PROMPT:
Please copy, exactly as they appear below, the lines from the one containing "A ONE-PAGE BRIEF" through the one containing "Wir überqueren soeben".

AVAILABLE DATA:
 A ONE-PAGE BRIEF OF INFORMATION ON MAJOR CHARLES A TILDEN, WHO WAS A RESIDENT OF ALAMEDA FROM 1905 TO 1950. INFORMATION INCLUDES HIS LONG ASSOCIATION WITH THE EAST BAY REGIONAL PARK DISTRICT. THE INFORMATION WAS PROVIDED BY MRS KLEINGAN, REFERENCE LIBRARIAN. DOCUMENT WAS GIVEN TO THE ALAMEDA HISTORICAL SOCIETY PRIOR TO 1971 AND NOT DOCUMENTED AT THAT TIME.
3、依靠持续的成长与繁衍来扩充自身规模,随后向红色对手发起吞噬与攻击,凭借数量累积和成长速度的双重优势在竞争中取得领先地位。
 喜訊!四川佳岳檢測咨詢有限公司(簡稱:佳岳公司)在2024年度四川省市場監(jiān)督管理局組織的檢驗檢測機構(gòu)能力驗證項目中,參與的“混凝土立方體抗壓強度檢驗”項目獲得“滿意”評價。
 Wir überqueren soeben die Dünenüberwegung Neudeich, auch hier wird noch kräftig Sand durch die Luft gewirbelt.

...

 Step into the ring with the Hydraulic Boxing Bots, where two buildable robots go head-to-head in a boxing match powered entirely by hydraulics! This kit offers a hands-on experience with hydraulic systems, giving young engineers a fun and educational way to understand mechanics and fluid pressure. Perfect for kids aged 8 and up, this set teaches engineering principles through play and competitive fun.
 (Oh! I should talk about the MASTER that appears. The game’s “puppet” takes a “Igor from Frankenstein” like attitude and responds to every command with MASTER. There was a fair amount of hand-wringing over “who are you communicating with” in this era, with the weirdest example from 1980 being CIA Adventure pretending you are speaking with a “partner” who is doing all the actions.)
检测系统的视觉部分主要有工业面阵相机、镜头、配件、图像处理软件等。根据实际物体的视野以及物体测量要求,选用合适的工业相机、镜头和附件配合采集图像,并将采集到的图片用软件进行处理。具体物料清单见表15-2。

RESPONSE BELOW:
 A ONE-PAGE BRIEF OF INFORMATION ON MAJOR CHARLES A TILDEN, WHO WAS A RESIDENT OF ALAMEDA FROM 1905 TO 1950. INFORMATION INCLUDES HIS LONG ASSOCIATION WITH THE EAST BAY REGIONAL PARK DISTRICT. THE INFORMATION WAS PROVIDED BY MRS KLEINGAN, REFERENCE LIBRARIAN. DOCUMENT WAS GIVEN TO THE ALAMEDA HISTORICAL SOCIETY PRIOR TO 1971 AND NOT DOCUMENTED AT THAT TIME.
3、依靠持续的成长与繁衍来扩充自身规模,随后向红色对手发起吞噬与攻击,凭借数量累积和成长速度的双重优势在竞争中取得领先地位。
 喜訊!四川佳岳檢測咨詢有限公司(簡稱:佳岳公司)在2024年度四川省市場監(jiān)督管理局組織的檢驗檢測機構(gòu)能力驗證項目中,參與的“混凝土立方體抗壓強度檢驗”項目獲得“滿意”評價。
 Wir überqueren soeben die Dünenüberwegung Neudeich, auch hier wird noch kräftig Sand durch die Luft gewirbelt.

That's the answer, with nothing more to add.